DEM Parti İzmir Milletvekili İbrahim Akın, şu ifadeleri kullandı:
“Metin Lokumcu’nun yakınlarına duruşma hakiminin sorusu bile gerçekten ne kadar hazin durumda olduğumuzu gösteriyor. Soru şu; diyeceğin bir şey var mı? 13 yıla varan bir süre içerisinde sözler bitmiş, 13 yıldır adalet yerini bulmamış ve yargılama tamamlanamamış ve Metin Lokumcu’nun açıkça katledilmesi karşısında sorumlu olanlar da hesap verememiş durumda. Metin Lokumcu’nun duruşması Türkiye’deki hukuk sistemi açısından somut bir örnektir. Eğer birlikte olamazsak, yan yana gelip güçlü mücadele veremezsek bu tür olaylarla çok daha sık karşı karşıya kalacağız. Metin Lokumcu’yu sonuna kadar savunacağız. Bu konuda suçlu olanlar, başta Cumhurbaşkanı olmak üzere bunun hesabını mutlaka verecekler. Bu dava nasıl sonuçlanırsa sonuçlansın, Lokumcu davası bizim için devam edecek.”
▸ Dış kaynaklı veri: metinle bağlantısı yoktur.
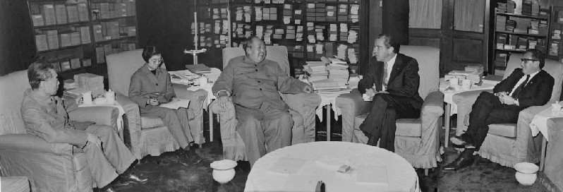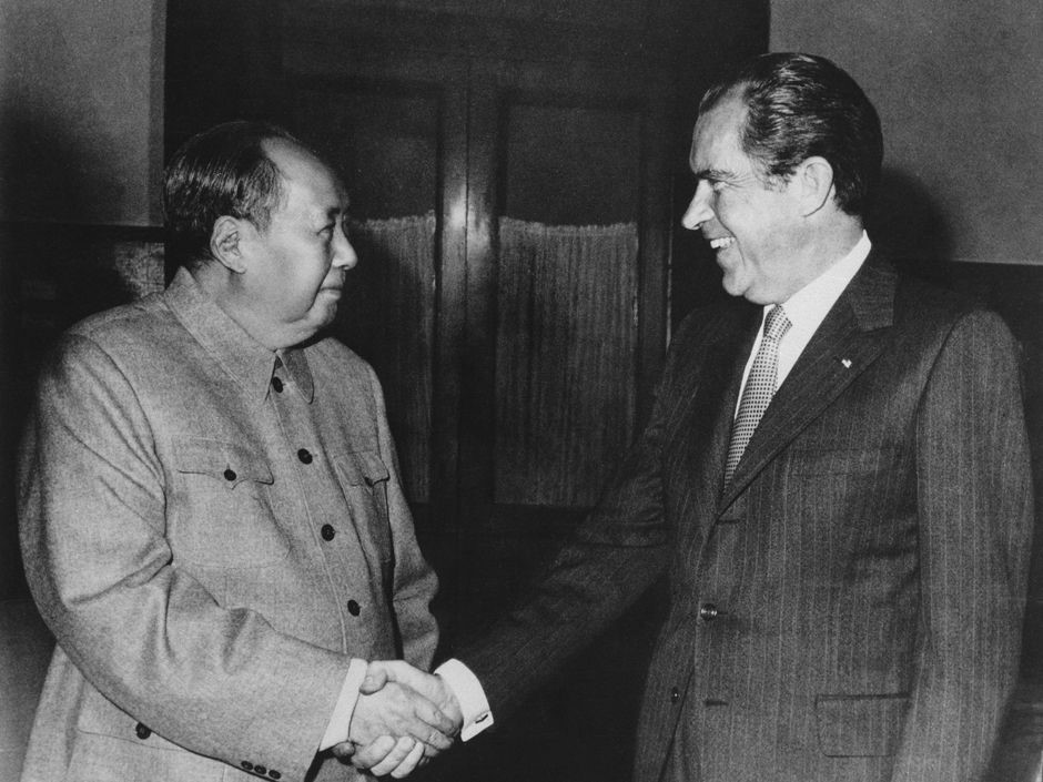 Late Chairman Mao Zedong meets with then U.S. President Richard Nixon at Zhongnanhai, the central leadership compound in downtown Beijing, Feb. 21, 1972. (File photo)
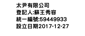 屏東縣九如鄉東寧村東寧路65號一樓太尹有限公司-統編:59449933
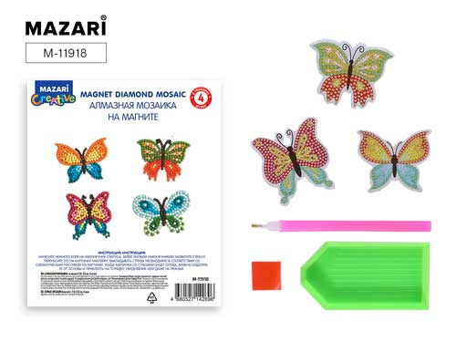 Купить Алмазная мозаика на магните БАБОЧКИ 7,5х7,5см, 4 штуки в наборе, ОПП-упаковка в интернет-магазине kupi35.ru с доставкой. Алмазная мозаика на магните БАБОЧКИ 7,5х7,5см, 4 штуки в наборе, ОПП-упаковка, артикул M-11918 ДмД: читать описание, характеристики, фото
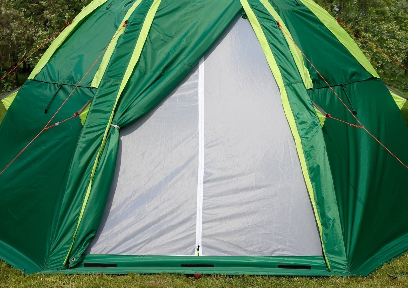 - Тент установлен. Для хорошей натяжки стенок внутреннего тента закрепите палатку с хорошим натяжением с внешней стороны растяжками и колышками по периметру юбки.
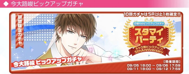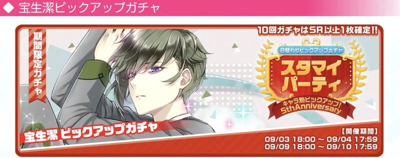 2021年9月の5周年「キャラ別ピックアップ!5th Anniversary スタマイパーティ」今大路峻PUのシミュレーターです。仕様上順番は決まっていませんが、1枚はSR以上確定枠です
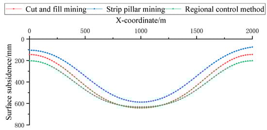 Main section surface subsidence curves under different subsidence control methods.
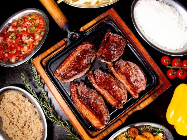 Acompanha: Arroz, vinagrete, batata frita, farofa, feijão tropeiro c/ banana frita.
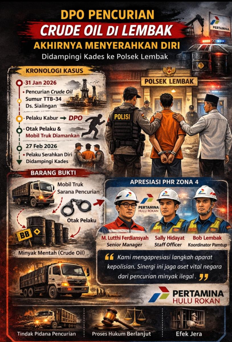 Hingga tersangka menyerahkan diri, polisi telah lebih dahulu mengamankan otak pelaku serta satu unit mobil truk yang digunakan sebagai sarana pencurian. Kendaraan tersebut kini ditetapkan sebagai barang bukti. Pengungkapan perkara terus dilakukan guna menelusuri kemungkinan keterlibatan pihak lain dalam jaringan pencurian minyak mentah tersebut.
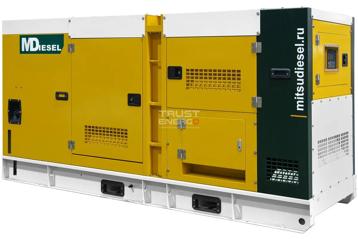Дизельный генератор MitsuDiesel МД АД-250С-Т400-1РКМ29 в шумозащитном кожухе номинальной мощностью 250 кВт с двигателем Mitsudiesel - отличный дизельный электроагрегат демонстрирующий уверенный приём нагрузки как резервный источник питания, так и основной.

Metin Lokumcu’nun oğlu Ulaş Lokumcu da “Biz 13 yıldır mücadeleyi veririz ama arkamızdaki bu kadar güçlü bir halk ve Metin Hoca’nın sevenleri, dostları, arkadaşları olmasaydı biz buraya kadar gelemeyeceğimizi biliyoruz. Çünkü son birkaç aydır yaşanan hukuksuzluklar adalete inancımı iyice zayıflattı. Biz yine de 11 Haziran da kalabalık bir şekilde davaya gelerek umudumuzu yeşertmek istiyoruz. Bizi bu zamana kadar yalnız bırakmayan herkese çok teşekkür ediyorum. Bir daha ülkede böyle şeyler yaşanmasın diyoruz ama bu faşizan sistem devam ettiği sürece bu acıları yaşayacağız. 11 Haziran’da bütün dostları buraya bekliyoruz.” dedi.